[Requirement]
Below is a listing to transcribe in full and exactly; keep the pictures out.
■ ■ ■ ■
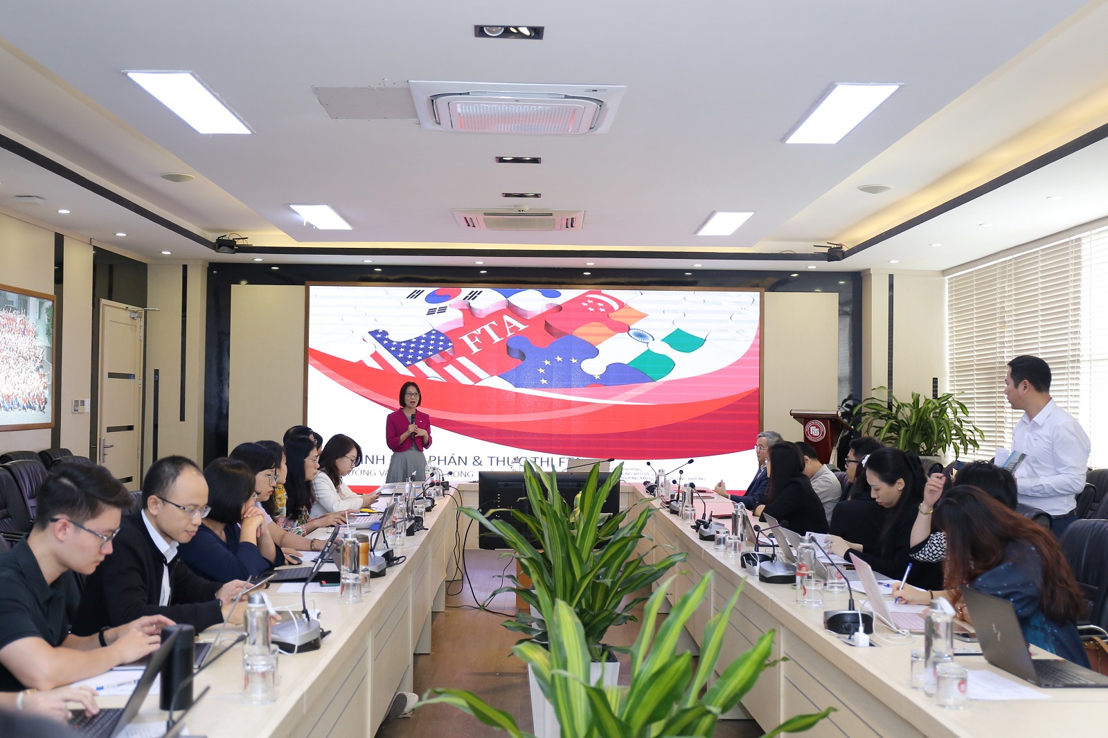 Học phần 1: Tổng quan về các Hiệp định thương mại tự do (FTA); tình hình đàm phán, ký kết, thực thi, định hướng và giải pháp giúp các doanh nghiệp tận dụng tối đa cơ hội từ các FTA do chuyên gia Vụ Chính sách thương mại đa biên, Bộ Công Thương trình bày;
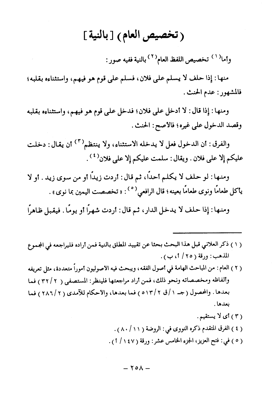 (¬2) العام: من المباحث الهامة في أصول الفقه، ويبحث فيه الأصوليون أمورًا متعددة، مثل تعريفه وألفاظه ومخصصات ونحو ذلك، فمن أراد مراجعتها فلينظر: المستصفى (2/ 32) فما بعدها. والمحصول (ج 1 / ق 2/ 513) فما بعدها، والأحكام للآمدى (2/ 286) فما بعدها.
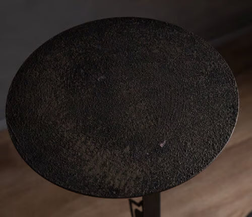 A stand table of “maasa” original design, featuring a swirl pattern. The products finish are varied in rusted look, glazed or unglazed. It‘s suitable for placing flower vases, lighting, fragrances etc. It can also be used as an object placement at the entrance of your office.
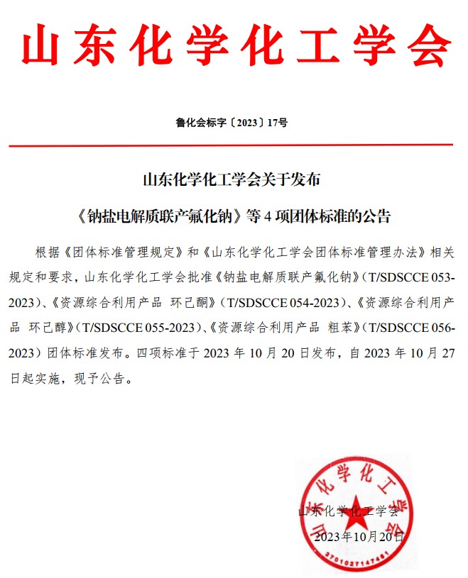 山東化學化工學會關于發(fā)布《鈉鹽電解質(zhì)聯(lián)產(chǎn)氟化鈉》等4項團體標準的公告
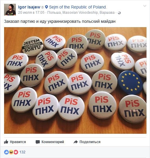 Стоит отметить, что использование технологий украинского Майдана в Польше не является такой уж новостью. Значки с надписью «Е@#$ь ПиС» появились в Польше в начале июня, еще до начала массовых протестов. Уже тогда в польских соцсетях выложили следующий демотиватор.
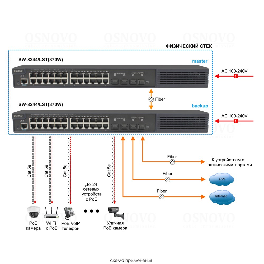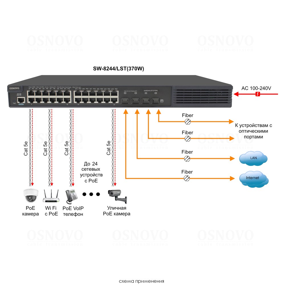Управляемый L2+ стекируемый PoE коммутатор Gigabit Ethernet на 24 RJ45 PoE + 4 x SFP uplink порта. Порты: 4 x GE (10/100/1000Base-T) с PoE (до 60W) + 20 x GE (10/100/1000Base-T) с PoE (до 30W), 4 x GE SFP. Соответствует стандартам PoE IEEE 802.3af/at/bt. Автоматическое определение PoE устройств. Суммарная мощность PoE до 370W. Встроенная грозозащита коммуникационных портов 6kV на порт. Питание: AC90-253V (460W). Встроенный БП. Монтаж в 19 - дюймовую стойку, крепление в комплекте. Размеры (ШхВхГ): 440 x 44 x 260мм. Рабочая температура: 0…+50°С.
■ ■ ■ ■
[Output]
 Học phần 1: Tổng quan về các Hiệp định thương mại tự do (FTA); tình hình đàm phán, ký kết, thực thi, định hướng và giải pháp giúp các doanh nghiệp tận dụng tối đa cơ hội từ các FTA do chuyên gia Vụ Chính sách thương mại đa biên, Bộ Công Thương trình bày;
 (¬2) العام: من المباحث الهامة في أصول الفقه، ويبحث فيه الأصوليون أمورًا متعددة، مثل تعريفه وألفاظه ومخصصات ونحو ذلك، فمن أراد مراجعتها فلينظر: المستصفى (2/ 32) فما بعدها. والمحصول (ج 1 / ق 2/ 513) فما بعدها، والأحكام للآمدى (2/ 286) فما بعدها.
 A stand table of “maasa” original design, featuring a swirl pattern. The products finish are varied in rusted look, glazed or unglazed. It‘s suitable for placing flower vases, lighting, fragrances etc. It can also be used as an object placement at the entrance of your office.
 山東化學化工學會關于發(fā)布《鈉鹽電解質(zhì)聯(lián)產(chǎn)氟化鈉》等4項團體標準的公告
 Стоит отметить, что использование технологий украинского Майдана в Польше не является такой уж новостью. Значки с надписью «Е@#$ь ПиС» появились в Польше в начале июня, еще до начала массовых протестов. Уже тогда в польских соцсетях выложили следующий демотиватор.
Управляемый L2+ стекируемый PoE коммутатор Gigabit Ethernet на 24 RJ45 PoE + 4 x SFP uplink порта. Порты: 4 x GE (10/100/1000Base-T) с PoE (до 60W) + 20 x GE (10/100/1000Base-T) с PoE (до 30W), 4 x GE SFP. Соответствует стандартам PoE IEEE 802.3af/at/bt. Автоматическое определение PoE устройств. Суммарная мощность PoE до 370W. Встроенная грозозащита коммуникационных портов 6kV на порт. Питание: AC90-253V (460W). Встроенный БП. Монтаж в 19 - дюймовую стойку, крепление в комплекте. Размеры (ШхВхГ): 440 x 44 x 260мм. Рабочая температура: 0…+50°С.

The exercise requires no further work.